Patients are cared for in the intensive care unit (ICU) and then extubated. Routine care of the chest tubes is maintained. Mortality from surgical resection of a Pancoast tumor ranges from 2% to 5%. After arrival in the ICU, vital signs are monitored every 15-30 minutes until the patient is stable. Urinary output, chest tube drainage, and temperature are monitored hourly. Daily chest radiographs are obtained until the drainage tubes are removed.


Postoperative Radiotherapy

The adjuvant role for postoperative radiotherapy in superior sulcus tumors is undetermined. Radiotherapy is not indicated for patients who undergo complete resection and have no nodal metastasis. Yet, in the past, many people were treated with postoperative radiotherapy in response to an incomplete resection with residual disease. To date, postoperative radiotherapy has not improved survival in patients with lung cancer who underwent complete surgical resection without gross or microscopic residual tumor.

Some retrospective studies suggested that postoperative radiotherapy was beneficial for patients with nodal disease; however, several oncology trials found no survival benefit in patients who underwent complete resection. Postoperative radiotherapy does decrease the frequency of local (intrathoracic) recurrence.

Postoperative radiotherapy following immediate operation and brachytherapy has been as effective as preoperative radiation therapy and brachytherapy in achieving complete resection, locoregional control, and, ultimately, cure. No studies document the usefulness of chemotherapy in the treatment of this disease.

Surgical Complications

The morbidity arising from the operation is solely caused by the extent of chest wall and lung resection.

Atelectasis is very common with this operation and requires aggressive pulmonary toilet, incentive spirometry, and early ambulation. An adjunct to the treatment of atelectasis is bronchoscopy, which is frequently required to suction out mucous plugs and to drain secretions.

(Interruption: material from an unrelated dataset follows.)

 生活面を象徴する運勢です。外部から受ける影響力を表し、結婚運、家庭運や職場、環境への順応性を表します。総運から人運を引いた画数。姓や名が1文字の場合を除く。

Almost all patients have severe chest wall pain, and epidural anesthesia is highly recommended. Patients who do not undergo thoracic epidural anesthesia usually report significant pain and require continuous narcotics, either intravenously or in patch form.

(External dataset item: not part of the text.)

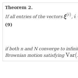 If all entries of the vectors ${\boldsymbol{\xi }}^{(i)}$, $i\in \{1,\dots ,p\}$, and $\boldsymbol{\varepsilon }$ have finite third moments, then if both n and N converge to infinity (at any rate), where $\boldsymbol{B}=(\boldsymbol{B}_{t})_{t\in \mathbb{R}_{+}}$ is a p-dimensional zero mean Brownian motion satisfying $\operatorname{Var}(\boldsymbol{B}_{1})=\boldsymbol{V}$.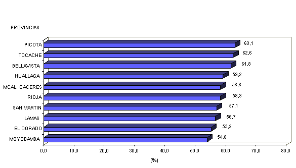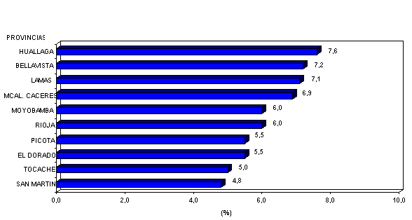 En términos generales, en la provincia de Huallaga, cerca de 8 de cada 100 niños trabajan, siendo una proporción mayor al promedio departamental, mientras que en San Martín sólo lo hacen cerca de 5 de cada 100 niños.

Cerebrospinal fluid (CSF) leaks occur but are rare; they usually subside with pleural drainage. If a CSF leak occurs in the presence of a pneumothorax, the air may enter the spinal cord and result in meningitis, which manifests as a severe headache. If the CSF leak persists, an exploratory thoracotomy is performed, and a muscle flap is used to close the area.

Most air leaks subside within a few days, and the drainage tubes are removed.

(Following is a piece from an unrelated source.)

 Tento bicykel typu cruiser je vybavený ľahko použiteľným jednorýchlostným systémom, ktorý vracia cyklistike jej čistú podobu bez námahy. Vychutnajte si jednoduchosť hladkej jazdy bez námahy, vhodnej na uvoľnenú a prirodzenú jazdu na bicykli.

Permanent neurologic deficits are rare. They usually result from resection of the lower trunk of the brachial plexus, but they are not incapacitating. Horner syndrome may occur from resection of the stellate ganglion and the root of C8. Deficits are usually temporary, lasting a few months. To prevent the disabling symptoms from resection of the brachial plexus, some studies indicate that neurolysis and preservation of the brachial plexus by a neurosurgeon may improve surgical outcome and postoperative symptoms. [56]

The 5-year postoperative survival rate is approximately 30%. Intraoperative brachytherapy has had no influence on locoregional recurrence or survival in patients with completely resected tumors. In the presence of positive mediastinal lymph nodes, the median survival rate is less than 9 months.


Palliative Procedures

Poor local control of a Pancoast tumor leads to significant intractable pain. The pain is caused by tumor invasion of the brachial plexus and nerve root compression in the intervertebral foramina, which is difficult to control.

Palliative surgery does not always provide relief from pain. However, when epidural compression is imminent, surgical maneuvers that alleviate this compression are of value. Techniques employed to interrupt pain pathways include the following:

  • Cervical cordotomy
  • Selective posterior rhizotomy
  • Stereotactic thalamotomy
  • Commissural myelotomy

Occasionally, radiotherapy is required for pain control. [33] Radiation in doses of 40-60 Gy is administered over a period of 3 weeks, eliciting relief of pain in 90% of patients and occasionally reversing hoarseness and Horner syndrome. However, most patients die within 2 years. The most common site of metastatic disease is the brain.